A 30 percent tax rate on families in poverty isn't fair. So there is a "prebate" that spares the lowest-income households on the first $15,000 of their income. That might still raise effective tax rates on the poor. But more concerning is that, according to a Treasury Department analysis of the Fair Tax, taxes would certainly go up on non-poverty families earning up to $200,000. Overall government revenue would decline.
There are also enforcement problems. With today's tax evasion rates, the fair tax would have to be greater than 50 percent for Washington to make as much money as with today's system, according to the Brookings Institution's Bill Gale. (Of course, this is somewhat the point. Find me a Fair Tax advocate who wants to increase government revenue, and I will find a trillion-dollar coin to pay you for your time.)
The first thing to know about the value-added tax is that it's bit like professional soccer. It's popular in just about every country except the United States.
But maybe that's changing. (The VAT, I mean. American soccer is doomed.) Some economists rightly point out that the flat tax and the Cain tax work quite a lot like value-added taxes, because they're taxing the difference between what businesses and families earn and spend.
Last year I wrote a long explainer on the VAT that I'll excerpt here: VAT is a consumption tax on the "value added" at each stage of production. Imagine a $1 loaf of bread you buy from the supermarket with a VAT of 10%. You've got a farmer, a baker, and a supermarket in the production chain. The farmer grows the wheat and sells it to the baker. The baker makes a loaf, sells it to the supermarket. The supermarket sells the loaf to me. Each link on the production chain pays the government 10% of the price of its product minus 10% of the price it paid for the goods to make that product. Ultimately, the government collects a total of 10 cents on the $1 loaf. At the supermarket, I pay the bread price plus the VAT: $1.10. Maybe that sounds complicated. But it's actually much easier to collect VAT than a national retail sales tax because there is a counterparty to every transaction. The production chain helps to police itself.
Making the tax plan simple isn't so simple.
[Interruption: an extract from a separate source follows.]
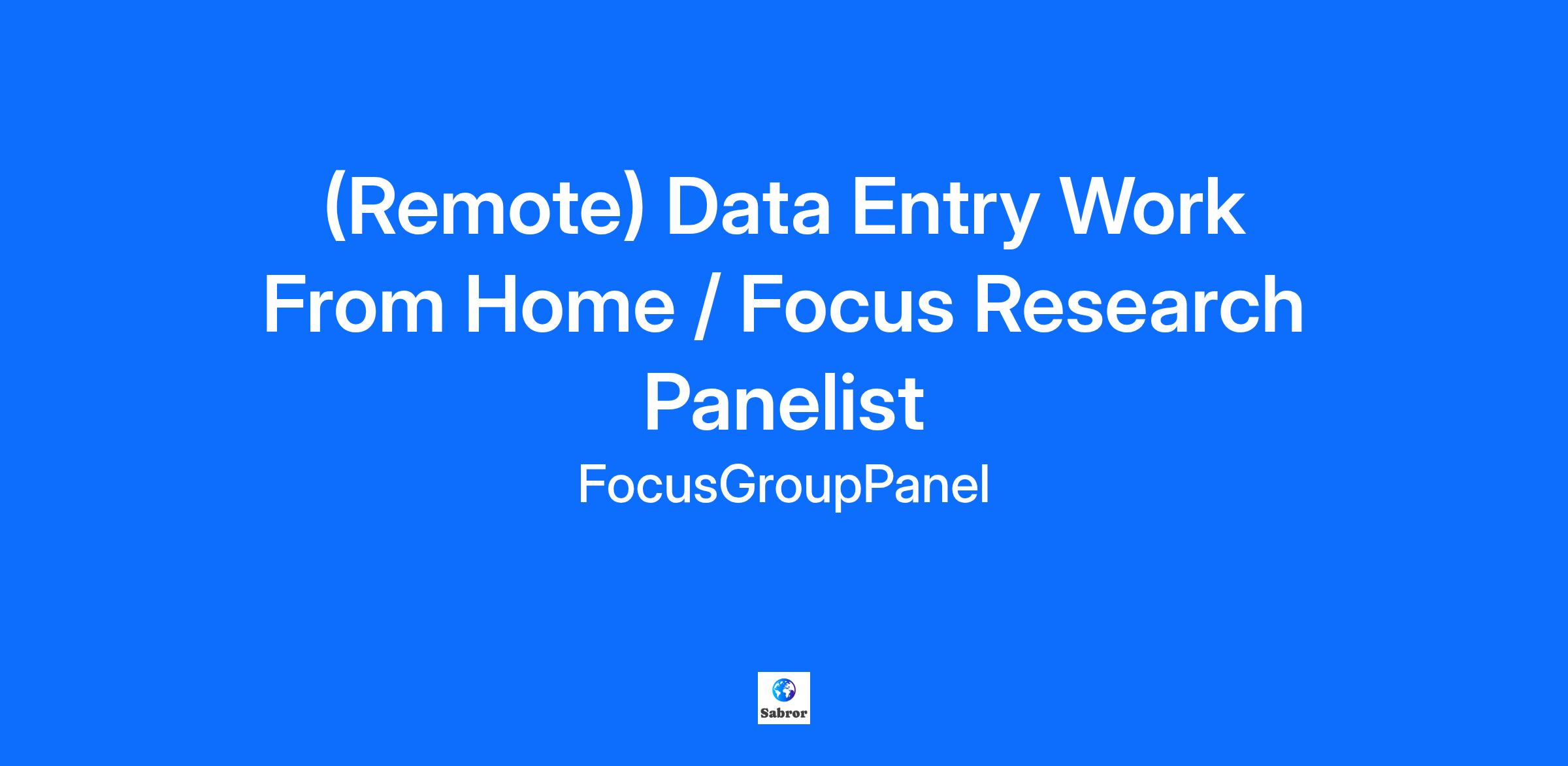 (Remote) Data Entry Work From Home / Focus Research Panelist

There are lots of benefits to a VAT if it's joined by other progressive taxes. In fact, there are lots of benefits to simple taxes and low rates in general, so long as they preserve a progressive system that raises enough money to pay for stuff Americans like, such as Social Security, health insurance, and an army. But most of these plans make the tax code less progressive, reduce revenue, or both. That's one reason why I continue to be a fan of the Simpson-Bowles Commission's tax plan, which simplified the tax code, lowered rates, raised revenue, and increased progressivity.